Fast forward 35 years and we have a foreigner (me) and a Chinese person (my husband) entangled in matrimony amidst opposing (and strangling) lines of thinking strung from two different sides of the planet. The concept which most frequently tugs at those lines is that of privacy.

Perception of space is one manifestation of this concept. When my husband's parents visited us for the first time in Beijing, they lived in our apartment for a week and insisted upon sleeping on the floor rather than in the guest bed. They also busied themselves with domestic chores like it was their duty or role. While I and my husband were at work, my mother-in-law sorted through our drawers and closets and organized our clothing, including folding each individual piece of my underwear. My father-in-law reorganized my bathroom toiletries while installing some glass shelves which he had decided we needed. When I came home, he held up a strange object and asked me to identify it, while remarking on his inability to read the foreign words on the box in which he had found it. It was a tampon.

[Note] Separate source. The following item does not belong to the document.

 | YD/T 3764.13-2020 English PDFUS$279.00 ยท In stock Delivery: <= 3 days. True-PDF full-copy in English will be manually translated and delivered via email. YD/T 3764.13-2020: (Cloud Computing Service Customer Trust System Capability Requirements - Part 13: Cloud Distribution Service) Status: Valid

My mortification about these and other space issues made absolutely no impression on my husband, who felt that his parents were acting like all parents do: They were nosy and invasive, possessively controlling of space and they had every right to be like this because "that's how parents are." I was left in the contradictory state of appreciating their kindness while eagerly awaiting their departure.

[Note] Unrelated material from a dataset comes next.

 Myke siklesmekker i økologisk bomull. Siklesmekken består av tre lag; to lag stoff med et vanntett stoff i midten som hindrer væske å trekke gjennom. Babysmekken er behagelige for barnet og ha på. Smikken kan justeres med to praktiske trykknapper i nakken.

The notion of privacy also extends to information. During the five years in which I have lived in China, I have discovered that keeping secrets is not a Chinese practice. Perhaps stemming once again from the days of full community transparency, the idea that one's personal news is not to be passed on is as foreign here as those words on the box in the bathroom were to my father-in-law.

My husband and I have engaged a weekly "ayi" who comes to help us with our domestic cleaning needs. She was recommended through my community as she works in several of my friend's households as well. Without her, my husband and I would have many more arguments regarding household chores and maintenance, so I consider her a vital ingredient in our matrimonial peace.

When I was first aware that I was expecting a child, I shared our news with her the way one would share news with a family member. Within a few days of imparting this news to her, I learned that my community of friends all knew and I'd not yet had a chance to share the information with them personally. Little did I know she would not understand the importance of discreetly guarding this information. In Western culture, we are taught to respect a family's privacy and/or right to disseminate such personal data at their own pace.

I could not be angry with her, as I knew her intentions were honorable. It's simply those opposing lines of thinking again. She was happy for us, excited and congratulatory; she simply has no frame of reference for our way of thinking, and thus, no filter in her exchange of information to her other clients (my friends).

At such moments, all I can do is sigh. When we live under another cultural tapestry, perhaps it's this very crisscrossing of thinking that creates the most color and beauty. And by extension, perhaps it's these "没办法"(what can you do?!) moments which enable us to really experience the essence of cross-cultural awareness.

The Western understanding of privacy, as a concept, will forever be Western in this Eastern context, in the same way that, for as long as I live here, I will forever be a white face in this Asian world. Coming to this realization has helped me soften my expectations for personal space while I live in this cultural arena; or perhaps more distinctly, it's helped me to privately tend to my need for privacy without expecting my Chinese family or friends to "get it." For instance, I know now that if I'd rather not have my undergarments handled by my mother-in-law, I'd better have a tidy drawer before she arrives!